*** Provided information ***

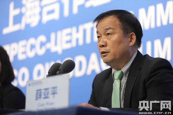 中国文化和旅游部旅游促进与国际合作司司长薛亚平介绍上合框架下文化和旅游领域合作情况 央广网记者 李雪南 摄
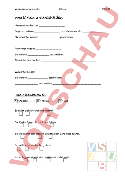 Wortarten unterscheiden 3.Klasse DK 12‘12 Wortarten unterscheiden Namenwörter heissen Begleiter heissen und stehen vor den Namenwörter werden geschrieben. Tunwörter heissen. Sie werden geschrieben. Tunwörter beschreiben, . Wiewörter heissen Sie werden geschrieben. beschreiben,. Fülle in die Kästchen ein: Adjektiv Nomen Verb Es fallen dicke Flocken vom Himmel. Die Kinder freuen sich auf den Schnee. Sie wollen mit dem grossen Schlitten den Berg hinab fahren. Schnell laufen sie den Berg hinauf. Als es langsam Abend wird, müssen sie nach Hause.
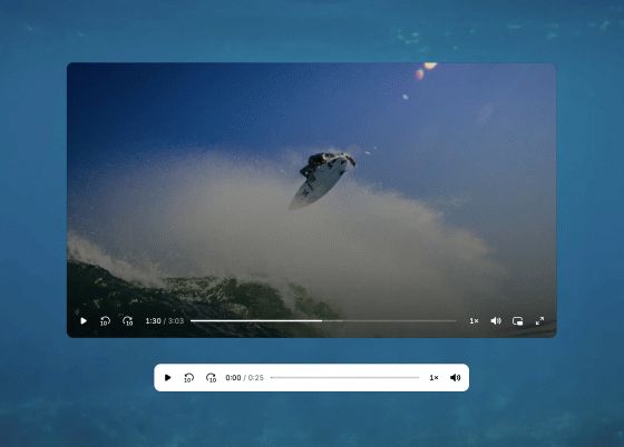 Video.js v10ベータ版にはすぐに使える完成度の高いスキン(コントロールセット)がいくつか含まれているものの、それで満足できない場合は任意のスキンに対して「Eject」という機能を実行すればフレームワークの言語に合わせた完全なソースコードを取得できると言及されています。ソースコードは実際に使用したり改変したりできる本物のコンポーネントであり、各コンポーネントは単一のHTMLを生成するためUI内で発生するすべてのイベントに直接アクセス可能です。
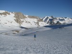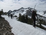A 6h, nous sommes partis vers le menaçant Mather Pass ; ca rigolait pas trop ; on avait tous un peu peur. Le début de la montée que l'on avait déjà fait la veille n'a pas posé de problème puis nous sommes montés tout droit au milieu de la coulée de neige de l'avalanche ; Steph et Jacob y taillaient des marches à tour de rôle et nous les filles, nous les suivions de près : pied droit, pied gauche, piolet ... c'était vraiment raide. Puis nous avons continué vers la droite quasiment jusqu'au pass, nous avons fini en grimpant à travers des rochers, le col en lui-même n'était qu'une grande corniche de neige que nous préférions éviter ; la neige devenait vraiment mauvaise : avec la chaleur du soleil, elle n'avait plus aucune consistance et ça devenait difficile et aléatoire de s'y appuyer ou d'y planter le piolet. Nous avons choisi de finir la montée en traversant des rochers et enfin nous sommes arrivés en haut; ouf, l'autre versant n'avait pas l'air bien méchant et comme il était encore a l'ombre la neige était encore dure.
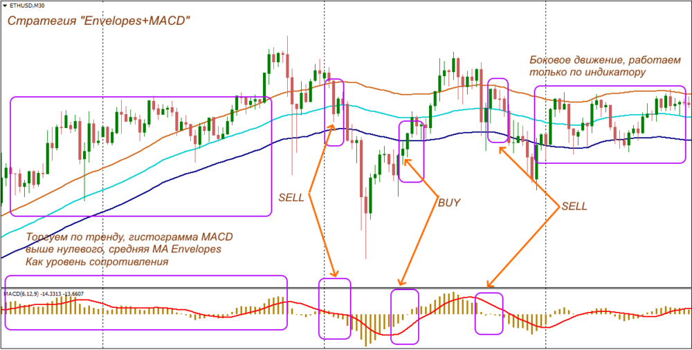Как пользоваться стратегией? Все просто: когда цена выходит за верхнюю границу, есть подтверждение новым максимумом или пробоем нулевого уровня MACD гистограммой снизу вверх открываем покупку (BUY). Для продаж (SELL) противоположные условия: цена под нижней границей Envelopes, гистограмма ниже нулевого после пробоя или формирует новый минимум.
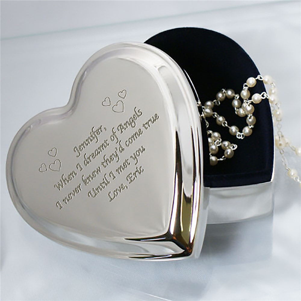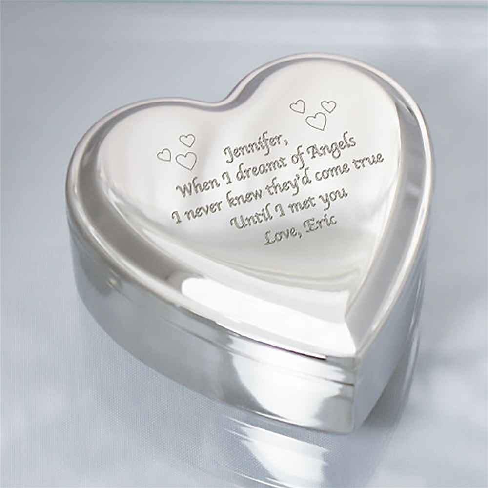 This beautifully engraved silver heart box is the perfect present for the love of your life. It's excellent for Valentine's Day, her birthday or any day you want to make special! Your personalized heart jewelry box will be exquisitely engraved with your five-line custom message to make this truly a one-of-a-kind gift. The keepsake box with custom message is a heart-shaped jewelry box with a silver-plated removable top, and the interior features a soft, blue felt to protect her precious jewelry. It's the perfect gift to show her that she has your heart.
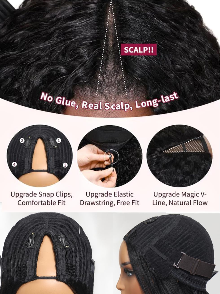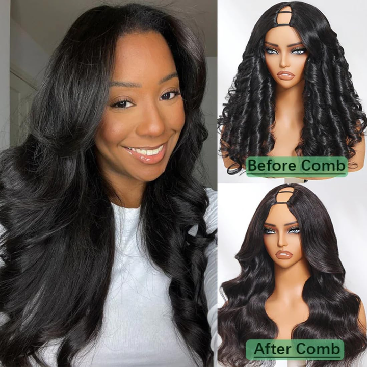 Vague de corps V partie perruque cheveux humains Clip sans colle en 100% vrais cheveux humains V-partie perruques sans colle sans coudre perruque pour les débutants amicale
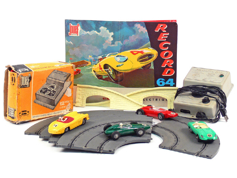 états de 'B' à 'D' - comprend : une JAGUAR, une MERCEDES, une FERRARI F1, une B.R.M. F1, un transformateur référence 289 avec boîte, un transformateur 'DISJONCTA 600', 2 moteurs de rechange & un ensemble de balais sous sachets, différents rails & un catalogue incomplet - petits manques
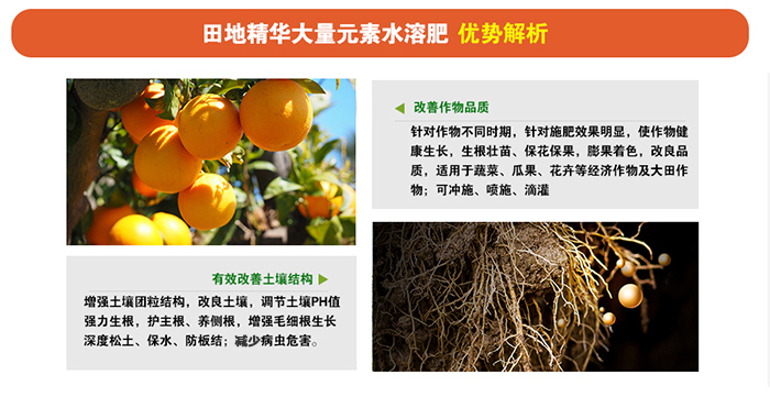 田地精華大量元素水溶肥料采用磷酸二氫鉀或礦源黃腐酸鉀為原料,特別添加海藻酸與螯合微量元素,根據作物生長階段所需營養設計配方,適合多種施肥方式,省時省力。
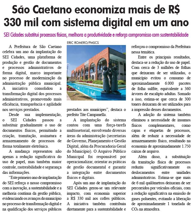 São Caetano economiza mais de R$ 330 mil com sistema digital em um ano
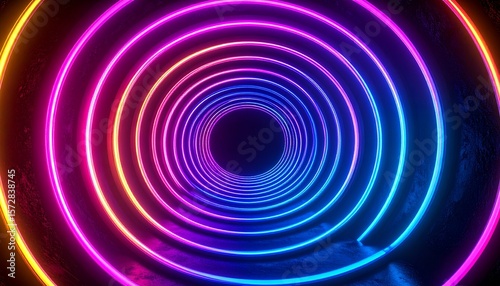 Curved neon tubes arranged in a concentric swirl against a textured backdrop, softly diffusing light in all directions.
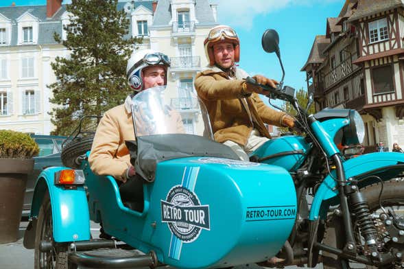 Desde vuestro hotel de Trouville-sur-Mer, donde os recogeremos a la hora que elijáis, iniciaremos la ruta en una flamante motocicleta con sidecar incorporado. El vehículo, decorado al estilo retro, hará las delicias de los amantes de las dos ruedas.
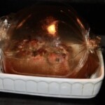 Pieczenie na rumiano: Po upieczeniu delikatnie przetnij rękaw, usuń z wierzchu czosnek, zioła i sznurek. Polej mięso sosem, posmaruj z wierzchu musztardą i wstaw odkryte do piekarnika na 15-30 minut, polewając sosem co 5 minut, aż się przyrumieni.
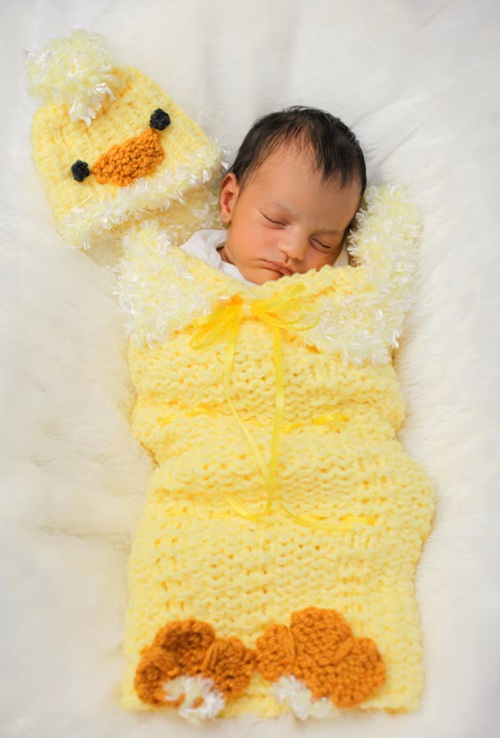 Turn your newborn into an adorable baby chick with this loom knit chick cocoon. ThisMomentisGood is behind this soft and cozy pattern.

*** End of Provided information ***

Would you return the records exactly, keeping out every picture?

 中国文化和旅游部旅游促进与国际合作司司长薛亚平介绍上合框架下文化和旅游领域合作情况 央广网记者 李雪南 摄
 Wortarten unterscheiden 3.Klasse DK 12‘12 Wortarten unterscheiden Namenwörter heissen Begleiter heissen und stehen vor den Namenwörter werden geschrieben. Tunwörter heissen. Sie werden geschrieben. Tunwörter beschreiben, . Wiewörter heissen Sie werden geschrieben. beschreiben,. Fülle in die Kästchen ein: Adjektiv Nomen Verb Es fallen dicke Flocken vom Himmel. Die Kinder freuen sich auf den Schnee. Sie wollen mit dem grossen Schlitten den Berg hinab fahren. Schnell laufen sie den Berg hinauf. Als es langsam Abend wird, müssen sie nach Hause.
 Video.js v10ベータ版にはすぐに使える完成度の高いスキン(コントロールセット)がいくつか含まれているものの、それで満足できない場合は任意のスキンに対して「Eject」という機能を実行すればフレームワークの言語に合わせた完全なソースコードを取得できると言及されています。ソースコードは実際に使用したり改変したりできる本物のコンポーネントであり、各コンポーネントは単一のHTMLを生成するためUI内で発生するすべてのイベントに直接アクセス可能です。
A 6h, nous sommes partis vers le menaçant Mather Pass ; ca rigolait pas trop ; on avait tous un peu peur. Le début de la montée que l'on avait déjà fait la veille n'a pas posé de problème puis nous sommes montés tout droit au milieu de la coulée de neige de l'avalanche ; Steph et Jacob y taillaient des marches à tour de rôle et nous les filles, nous les suivions de près : pied droit, pied gauche, piolet ... c'était vraiment raide. Puis nous avons continué vers la droite quasiment jusqu'au pass, nous avons fini en grimpant à travers des rochers, le col en lui-même n'était qu'une grande corniche de neige que nous préférions éviter ; la neige devenait vraiment mauvaise : avec la chaleur du soleil, elle n'avait plus aucune consistance et ça devenait difficile et aléatoire de s'y appuyer ou d'y planter le piolet. Nous avons choisi de finir la montée en traversant des rochers et enfin nous sommes arrivés en haut; ouf, l'autre versant n'avait pas l'air bien méchant et comme il était encore a l'ombre la neige était encore dure.
Как пользоваться стратегией? Все просто: когда цена выходит за верхнюю границу, есть подтверждение новым максимумом или пробоем нулевого уровня MACD гистограммой снизу вверх открываем покупку (BUY). Для продаж (SELL) противоположные условия: цена под нижней границей Envelopes, гистограмма ниже нулевого после пробоя или формирует новый минимум.
 This beautifully engraved silver heart box is the perfect present for the love of your life. It's excellent for Valentine's Day, her birthday or any day you want to make special! Your personalized heart jewelry box will be exquisitely engraved with your five-line custom message to make this truly a one-of-a-kind gift. The keepsake box with custom message is a heart-shaped jewelry box with a silver-plated removable top, and the interior features a soft, blue felt to protect her precious jewelry. It's the perfect gift to show her that she has your heart.
 Vague de corps V partie perruque cheveux humains Clip sans colle en 100% vrais cheveux humains V-partie perruques sans colle sans coudre perruque pour les débutants amicale
 états de 'B' à 'D' - comprend : une JAGUAR, une MERCEDES, une FERRARI F1, une B.R.M. F1, un transformateur référence 289 avec boîte, un transformateur 'DISJONCTA 600', 2 moteurs de rechange & un ensemble de balais sous sachets, différents rails & un catalogue incomplet - petits manques
 田地精華大量元素水溶肥料采用磷酸二氫鉀或礦源黃腐酸鉀為原料,特別添加海藻酸與螯合微量元素,根據作物生長階段所需營養設計配方,適合多種施肥方式,省時省力。
 São Caetano economiza mais de R$ 330 mil com sistema digital em um ano
 Curved neon tubes arranged in a concentric swirl against a textured backdrop, softly diffusing light in all directions.
 Desde vuestro hotel de Trouville-sur-Mer, donde os recogeremos a la hora que elijáis, iniciaremos la ruta en una flamante motocicleta con sidecar incorporado. El vehículo, decorado al estilo retro, hará las delicias de los amantes de las dos ruedas.
 Pieczenie na rumiano: Po upieczeniu delikatnie przetnij rękaw, usuń z wierzchu czosnek, zioła i sznurek. Polej mięso sosem, posmaruj z wierzchu musztardą i wstaw odkryte do piekarnika na 15-30 minut, polewając sosem co 5 minut, aż się przyrumieni.
 Turn your newborn into an adorable baby chick with this loom knit chick cocoon. ThisMomentisGood is behind this soft and cozy pattern.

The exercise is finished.